People largely give credit to Dr. Alois Zauner, a local neurosurgeon who performs more than 600 surgeries a year.
Before this resource, Cottage and other hospitals sometimes would have to wait three days for a bed to open up at the UCLA Medical Center’s neurological intensive-care unit, said Ron Werft, CEO of Cottage Health System.
Now, patients can be getting care in minutes, he said.
The severe trauma cases are the reason adding a helicopter pad with the new hospital construction was so vital, Rose said.
“As much as the community hates the helicopter, the helicopter saves lives,” she said.
The ERs have to treat everyone coming in by ambulance, too.
Santa Barbara County mandates that anyone who calls 9-1-1 be transported by American Medical Response ambulance to the hospital, even if they’re calling because of a sunburn or stubbed toe, Rose said.
Some people just want a ride or believe arriving by ambulance lets them jump the waiting room line, but it doesn’t, she added; the ER staff still see people by urgency.
When the ER is busy — which is often — the 11 beds are full, and patients are offered a bed in the hallway while they wait for a room to open up.
Most patients opt for a hall bed, separated from other beds by a curtain.
There’s also the “launch pad” — the area next to the doors leading to the rest of the hospital where doctors put patients who are about to be admitted, so it opens up the room.
When the ER is very busy, the nurses even get patients started on labs and tests and then have them go back to the waiting room, to try to get them to a doctor faster.
The hospital also uses the pre/post-surgical area, which is adjacent to the ER, as overflow when it’s empty on weekends or nights to run as an urgent-care center.
Nurses and physician assistants can help take care of simpler cases such as small lacerations and colds, Rose said.
Turnover is key in an emergency room, Dr.
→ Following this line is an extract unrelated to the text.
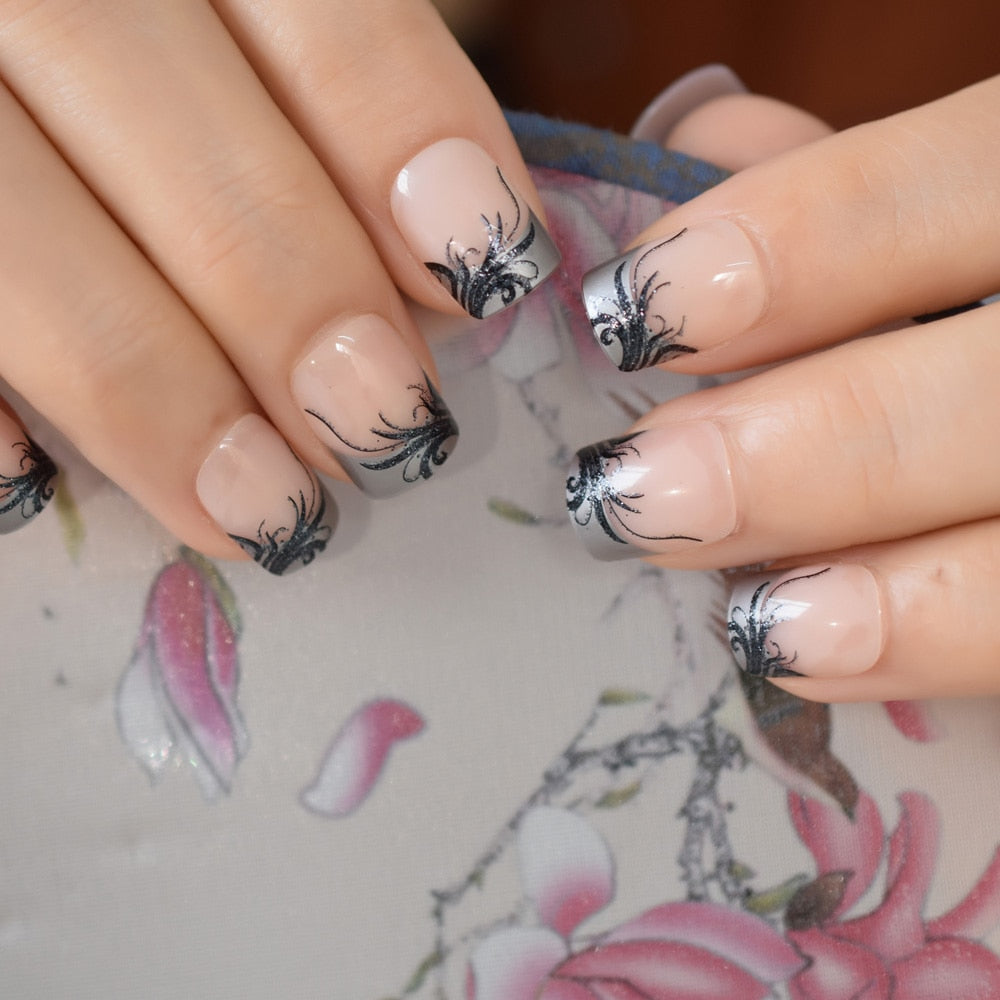 Plastic False Nail Tips Square Artificial Short French Fake Nails With Black Clear Flower Pattern Decoration Design-Nail Inspo
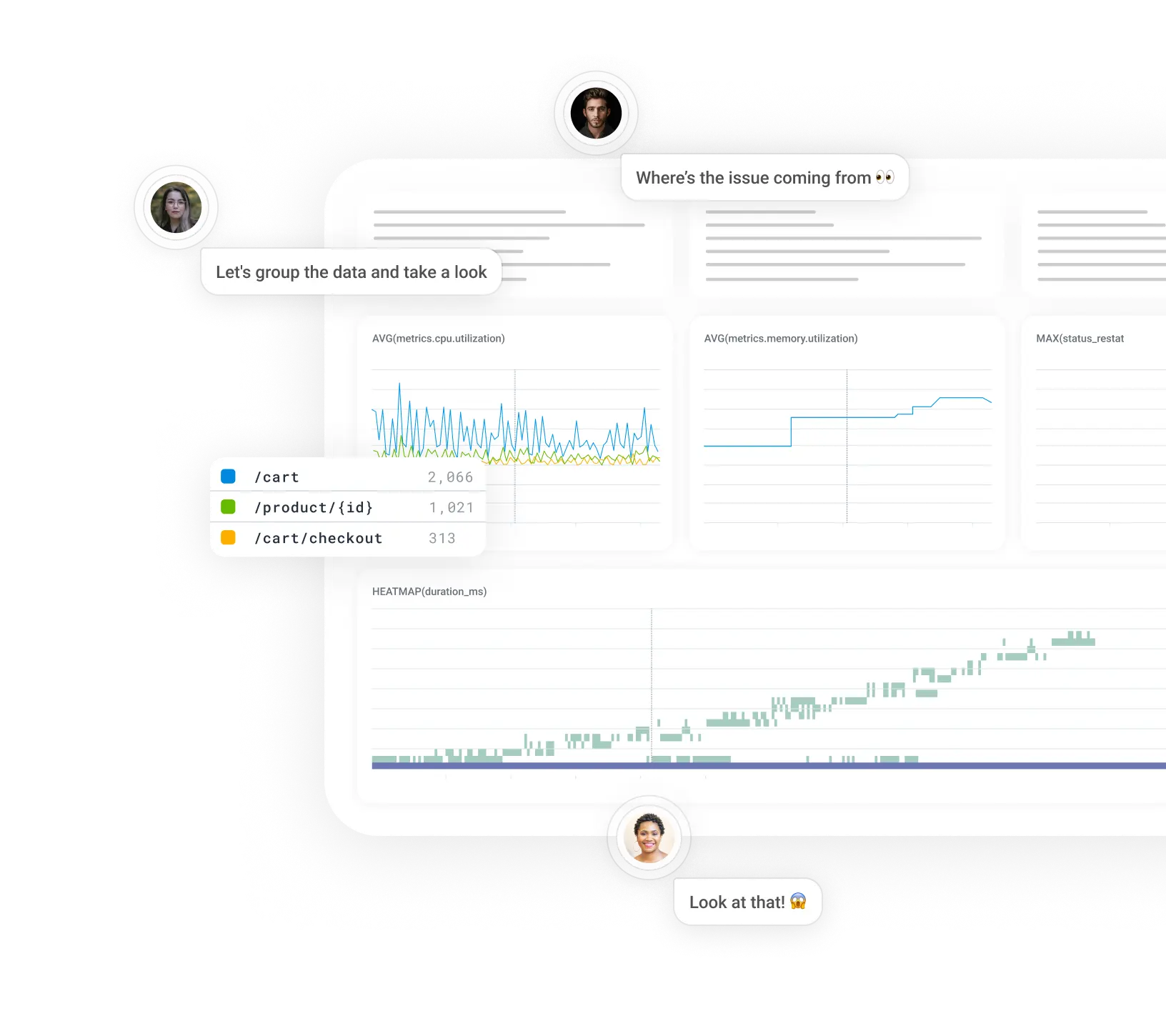 Application metrics, logs, and traces are really just different views of the same data—we help you move seamlessly between them. Got infra metrics? Honeycomb can take those, too, and correlate them with signals from your application. See the whole picture at once.

Chris Flynn said. The hospital plans to double the ER’s size with construction by 2018, but the space is crowded for now.
The emergency department was designed for 25,000 visits a year, but doctors had 43,800 visits last year, Werft said.
Marian Regional Medical Center has had even more growth, more than doubling its emergency room visits over 15 years to almost 53,000 in 2011. The new hospital, which opened in May 2012, is twice the size of the previous facility.
Half of the ER’s cases are dedicated to mental health or “social failure” like untreated mental illness and/or drug addition, Flynn said.
Years ago, cases coming into the emergency would be broken arms, lacerations, appendicitis, gallstones and the like.
Now, Flynn said, they’re much more complicated problems that don’t belong in an emergency room.
“We don’t have the resources and our system is overwhelmed,” he said.
Santa Barbara Cottage Hospital’s emergency department and case management program meets with community organizations every week for a “Monday huddle” to try to reduce the number of frequent emergency room visitors among the local homeless population.
The strategy has significantly reduced the emergency department visits for that population, Werft said.
The number of inappropriate ER visits was almost 700 in 2009, but that number was down to 32 in 2012, according to Cottage Health System spokeswoman Maria Zate.
The number of inappropriate visits for the more recent group, with completely different patients, dropped 56 percent from 2011 to 2012, she added.
“What we’re doing seems to be working based on the data,” she said.
Sixteen different groups are involved in the homeless roundtable to collaborate and get people signed up for social services.
The organizations include Santa Barbara CARES, WillBridge, Safe Parking Program, the Santa Barbara Rescue Mission, Casa Esperanza, Salvation Army, Parish Nursing, the Santa Barbara County Public Health Department, CenCal Health, the Santa Barbara City Housing Authority, the Santa Barbara restorative policing program, the Cottage Health System case management group and medical social work program, and the Cottage transfer center.